> **Problem description**
Go through the listing below and repeat it exactly, omitting each picture.

> **Data**
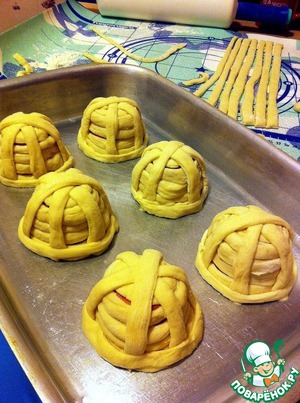 Итак, получаем такие заготовки. Смазываем их взбитым яйцом. Выпекаем при 180 градусах.
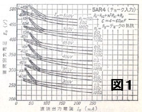 電源供給はゼロ信号時から最大出力時電流変化の大きいEL34のプレートにはシリコンダイオード整流より供給され、スクリーン及び電圧増幅部には整流管整流によるチョークインプット式の安定した電源供給とします、チョークインプット方式は図1の通りチョークのインダクタンスと電流には密接な関係があり、ある一定以上の電流を流す事で初めて安定いたします、この電流値を臨界電流と言います。
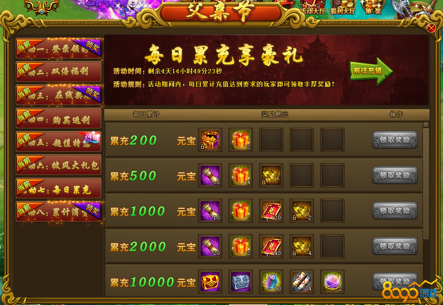 活动规则:活动期间内,每日累计充值金额满足要求即可领取奖励。
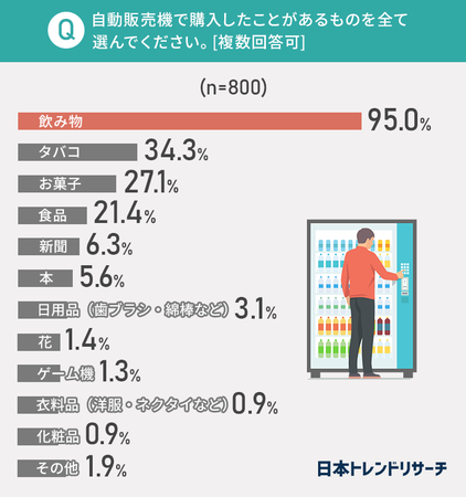 日本トレンドリサーチ(運営会社:株式会社NEXER)は、「自動販売機に関するアンケート」を実施し、結果をサイト内にて公開したので紹介します。

> **Task result**
 Итак, получаем такие заготовки. Смазываем их взбитым яйцом. Выпекаем при 180 градусах.
 電源供給はゼロ信号時から最大出力時電流変化の大きいEL34のプレートにはシリコンダイオード整流より供給され、スクリーン及び電圧増幅部には整流管整流によるチョークインプット式の安定した電源供給とします、チョークインプット方式は図1の通りチョークのインダクタンスと電流には密接な関係があり、ある一定以上の電流を流す事で初めて安定いたします、この電流値を臨界電流と言います。
 活动规则:活动期间内,每日累计充值金额满足要求即可领取奖励。
 日本トレンドリサーチ(運営会社:株式会社NEXER)は、「自動販売機に関するアンケート」を実施し、結果をサイト内にて公開したので紹介します。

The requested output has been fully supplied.